Dataset records
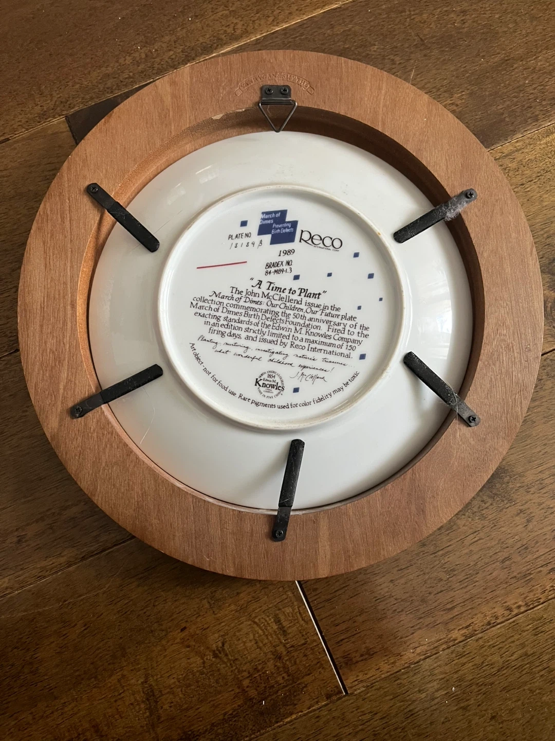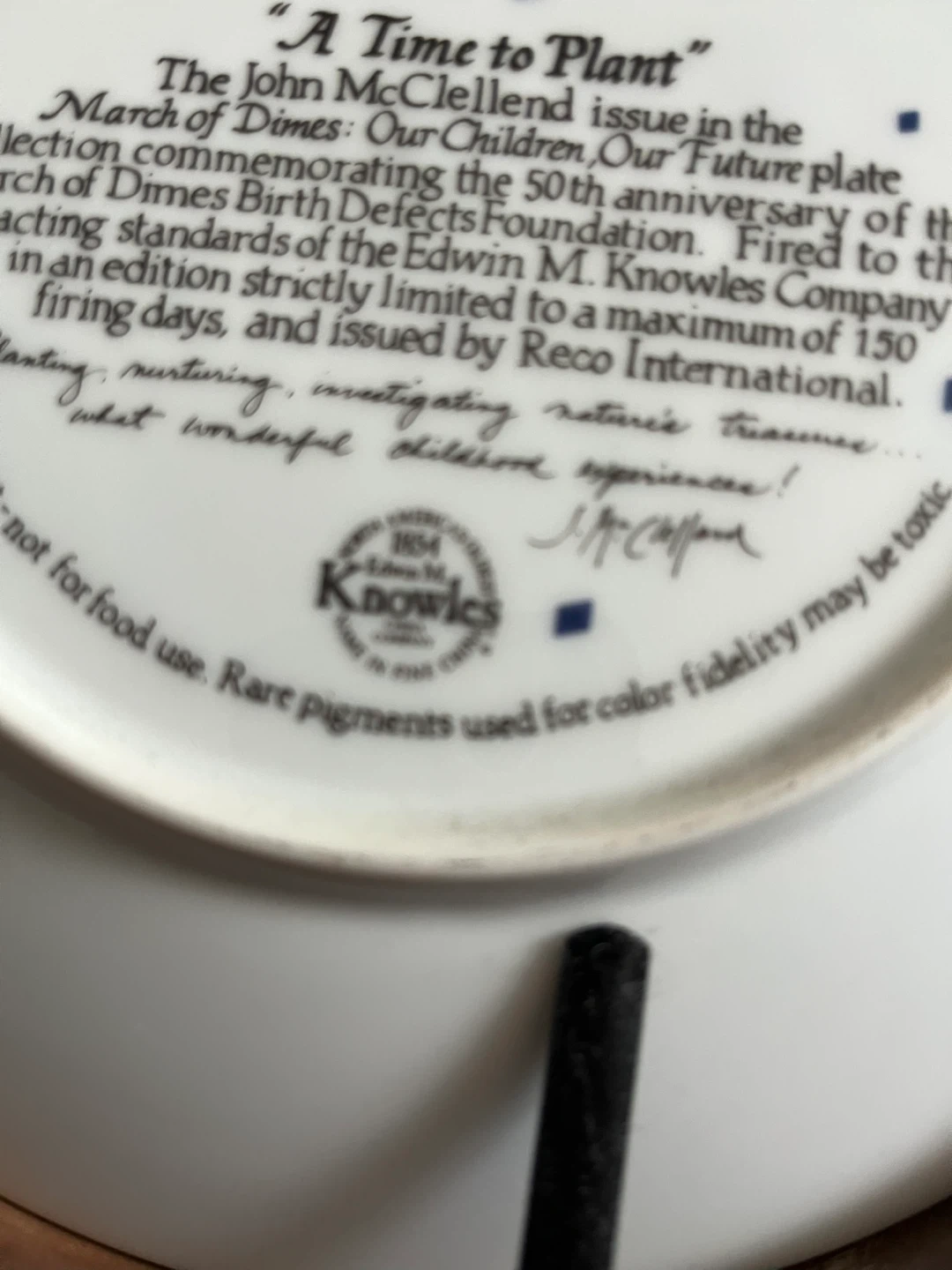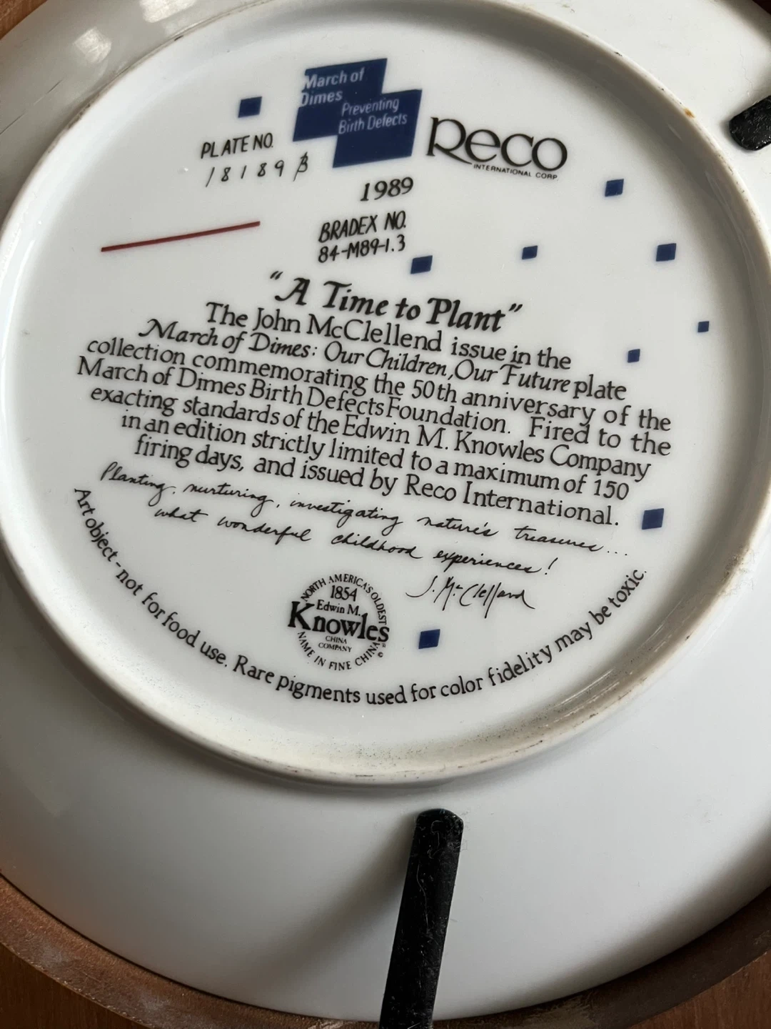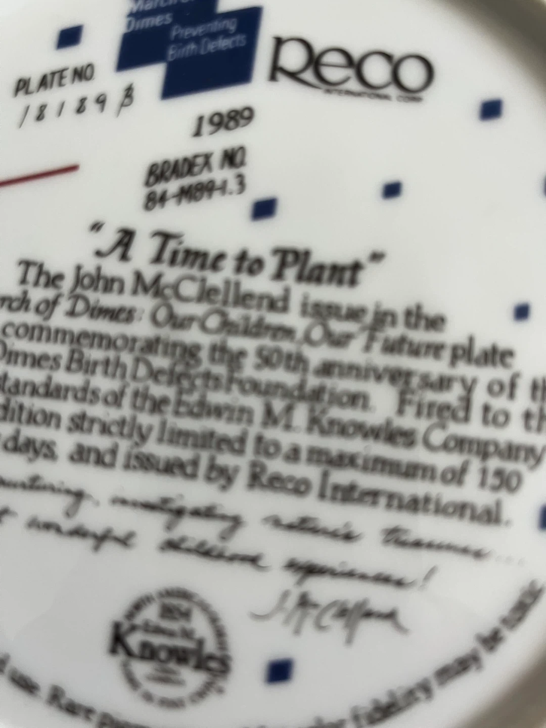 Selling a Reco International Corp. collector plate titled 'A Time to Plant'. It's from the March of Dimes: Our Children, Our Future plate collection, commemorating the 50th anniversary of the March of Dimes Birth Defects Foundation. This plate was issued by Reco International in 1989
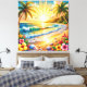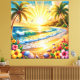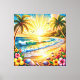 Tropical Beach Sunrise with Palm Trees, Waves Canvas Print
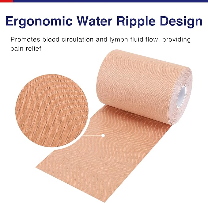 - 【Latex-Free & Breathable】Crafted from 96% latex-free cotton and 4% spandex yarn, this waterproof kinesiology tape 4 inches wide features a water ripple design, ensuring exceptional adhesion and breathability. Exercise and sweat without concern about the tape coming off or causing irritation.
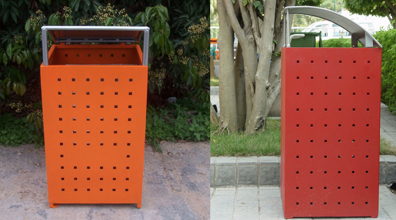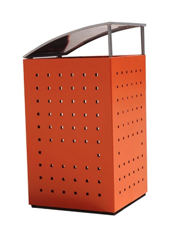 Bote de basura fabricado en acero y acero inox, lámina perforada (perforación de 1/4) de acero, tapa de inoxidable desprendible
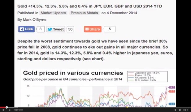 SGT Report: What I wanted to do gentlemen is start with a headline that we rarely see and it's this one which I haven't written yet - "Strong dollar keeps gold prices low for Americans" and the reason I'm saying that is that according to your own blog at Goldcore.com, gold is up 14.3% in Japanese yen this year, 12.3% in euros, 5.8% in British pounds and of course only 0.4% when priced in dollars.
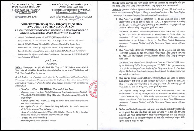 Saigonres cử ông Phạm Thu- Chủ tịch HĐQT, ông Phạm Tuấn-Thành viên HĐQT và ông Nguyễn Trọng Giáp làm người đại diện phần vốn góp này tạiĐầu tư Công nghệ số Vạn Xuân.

What you should do: The required output is the lines from the one containing "- 【Latex-Free &" through the end of the records above, reproduced exactly, with no pictures.

Task answer:
 - 【Latex-Free & Breathable】Crafted from 96% latex-free cotton and 4% spandex yarn, this waterproof kinesiology tape 4 inches wide features a water ripple design, ensuring exceptional adhesion and breathability. Exercise and sweat without concern about the tape coming off or causing irritation.
 Bote de basura fabricado en acero y acero inox, lámina perforada (perforación de 1/4) de acero, tapa de inoxidable desprendible
 SGT Report: What I wanted to do gentlemen is start with a headline that we rarely see and it's this one which I haven't written yet - "Strong dollar keeps gold prices low for Americans" and the reason I'm saying that is that according to your own blog at Goldcore.com, gold is up 14.3% in Japanese yen this year, 12.3% in euros, 5.8% in British pounds and of course only 0.4% when priced in dollars.
 Saigonres cử ông Phạm Thu- Chủ tịch HĐQT, ông Phạm Tuấn-Thành viên HĐQT và ông Nguyễn Trọng Giáp làm người đại diện phần vốn góp này tạiĐầu tư Công nghệ số Vạn Xuân.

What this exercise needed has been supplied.